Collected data
══════════════════════════════
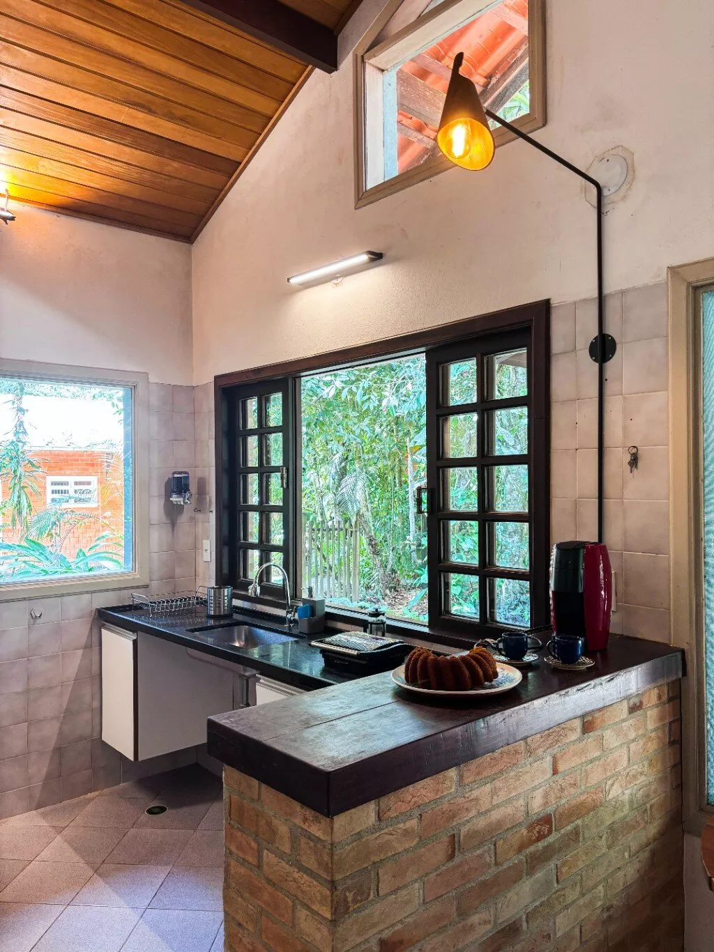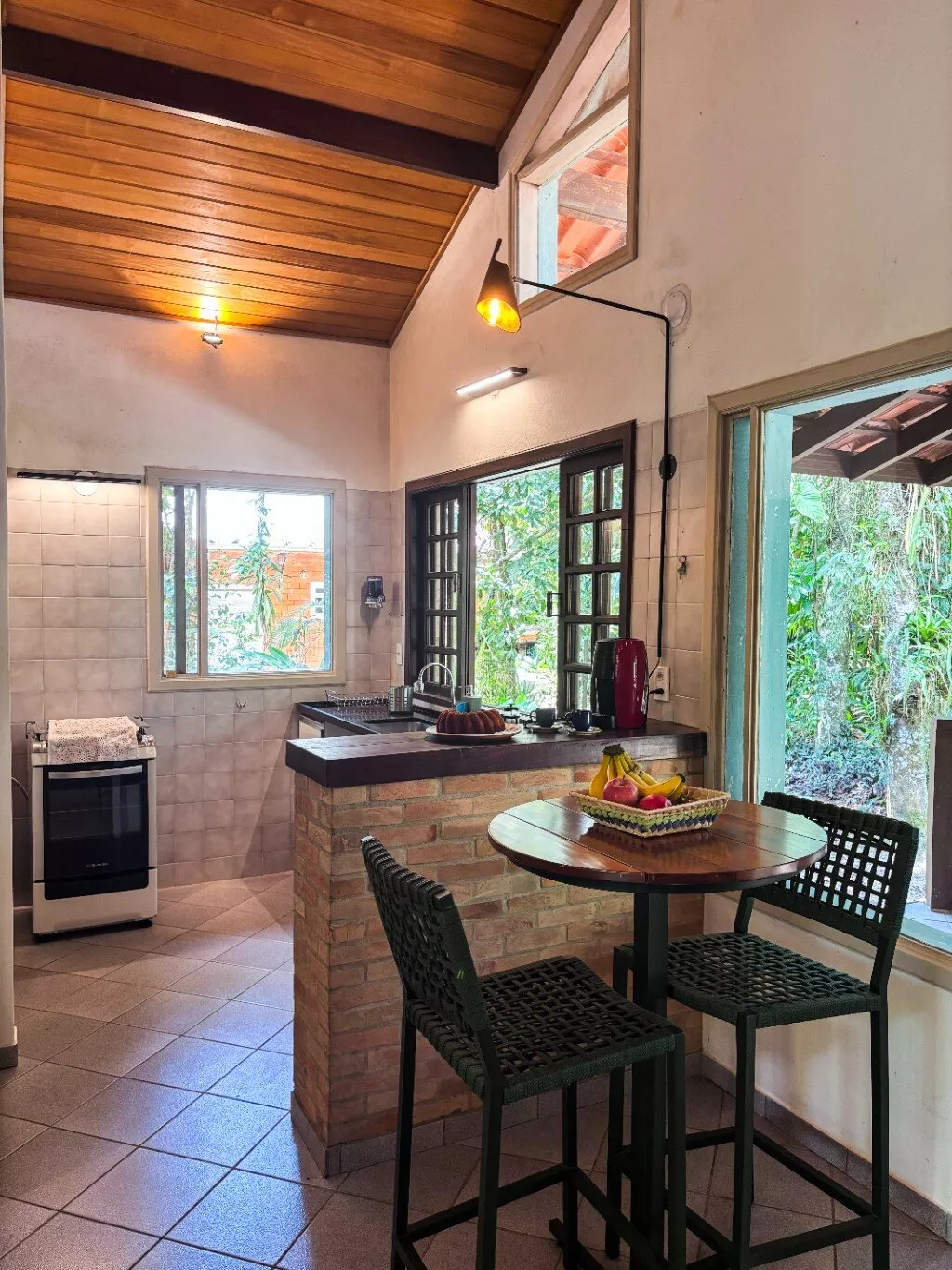 Com 3 dormitórios e 2 banheiros, a casa oferece praticidade e conforto no dia a dia. As amplas janelas de vidro permitem que a iluminação natural e a vista para o verde façam parte da rotina, criando um ambiente integrado à natureza.
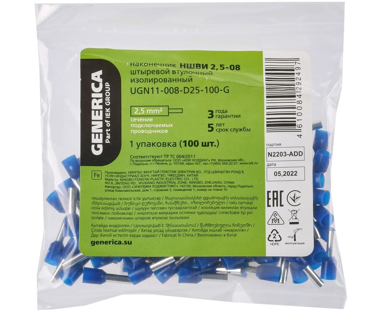 Наконечник ншви GENERICA 2,5-08 2,5мм2 из/фл (100шт/упак) UGN11-008-D25-100-G
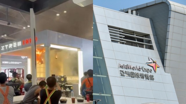亞博館搭建中攤位展板起火 工人淡定圍觀
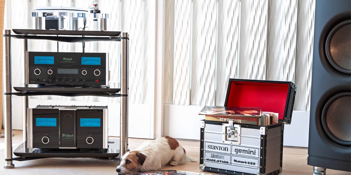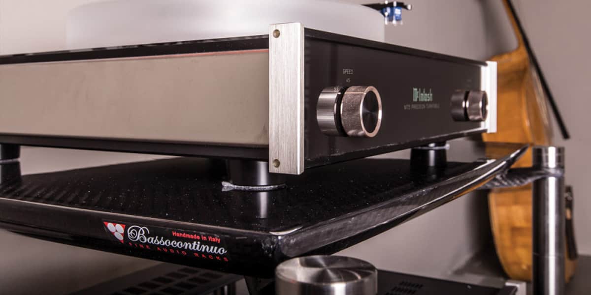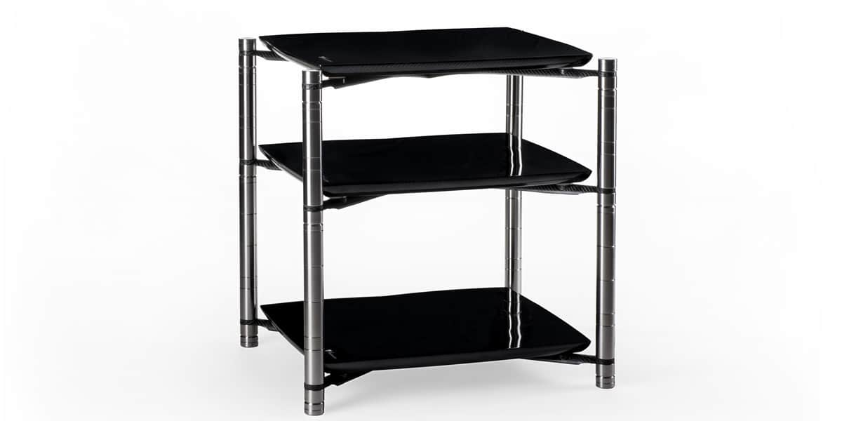 L'endosquelette du meuble est en carbone, un matériau utilisé en aéronautique et l'industrie automobile, grâce à ses qualités de raideur élevée et de très faible masse. Les étagères sont suspendues sur un gel technique à effet amortissant élevé, avec une aptitude de dispersion et d'absorption des chocs unique. Les étagères sont en LHPS, un matériau hybride qui réduit les vibrations directes des ondes de pression acoustique et améliore les performances sonores. Les pieds, ajustables en hauteur, sont en cuivre massif.
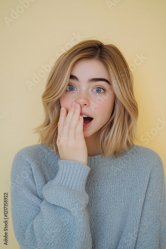 Young Blonde Woman Covering Her Mouth Playfully in a Grey Sweater
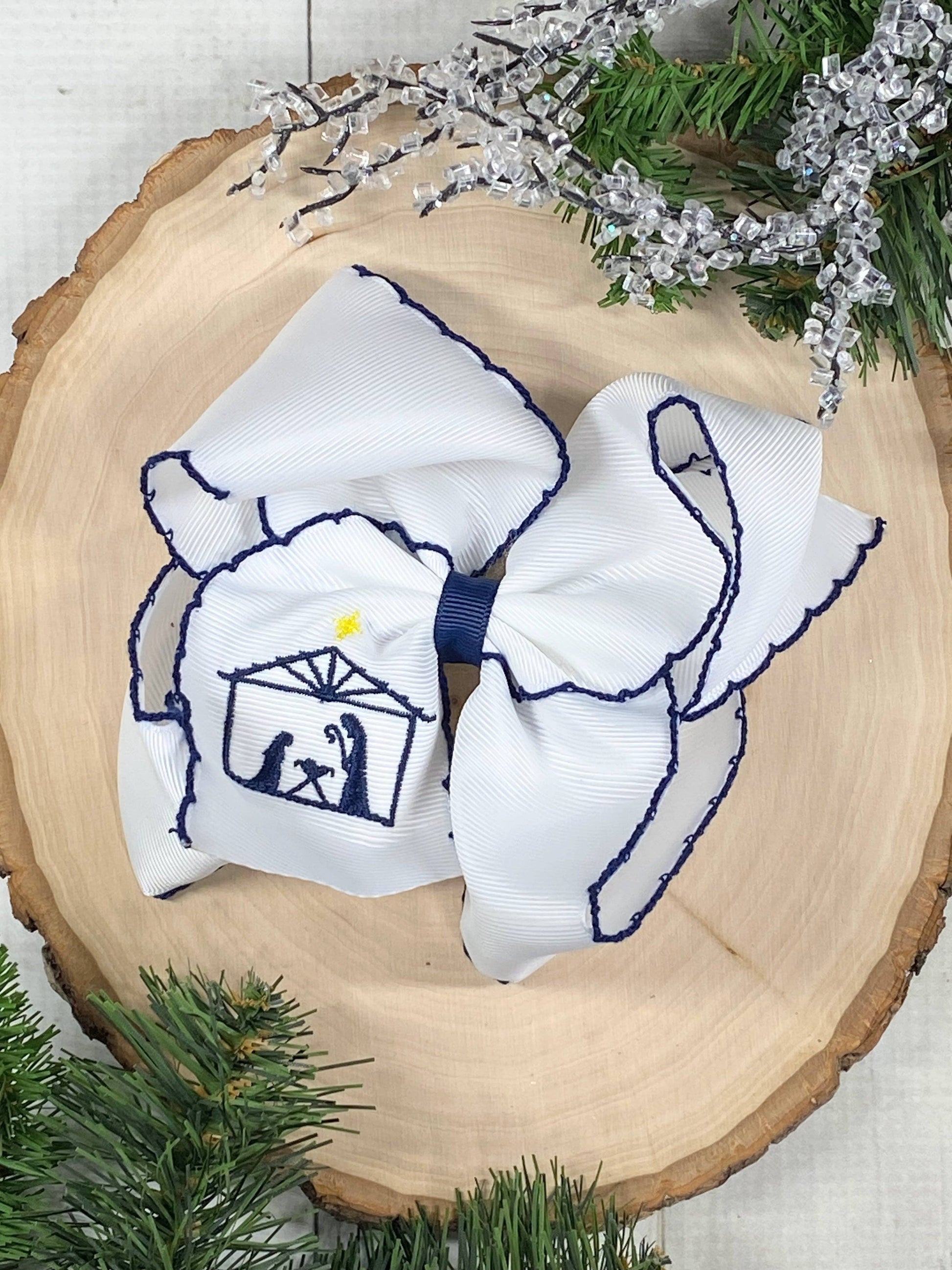 The Hair Bow Company - Nativity Scene Embroidered Moonstitch Hair Bow
══════════════════════════════
Exercise:
Omit the pictures and set down the records exactly.

Response to this exercise:
 Com 3 dormitórios e 2 banheiros, a casa oferece praticidade e conforto no dia a dia. As amplas janelas de vidro permitem que a iluminação natural e a vista para o verde façam parte da rotina, criando um ambiente integrado à natureza.
 Наконечник ншви GENERICA 2,5-08 2,5мм2 из/фл (100шт/упак) UGN11-008-D25-100-G
亞博館搭建中攤位展板起火 工人淡定圍觀
 L'endosquelette du meuble est en carbone, un matériau utilisé en aéronautique et l'industrie automobile, grâce à ses qualités de raideur élevée et de très faible masse. Les étagères sont suspendues sur un gel technique à effet amortissant élevé, avec une aptitude de dispersion et d'absorption des chocs unique. Les étagères sont en LHPS, un matériau hybride qui réduit les vibrations directes des ondes de pression acoustique et améliore les performances sonores. Les pieds, ajustables en hauteur, sont en cuivre massif.
 Young Blonde Woman Covering Her Mouth Playfully in a Grey Sweater
 The Hair Bow Company - Nativity Scene Embroidered Moonstitch Hair Bow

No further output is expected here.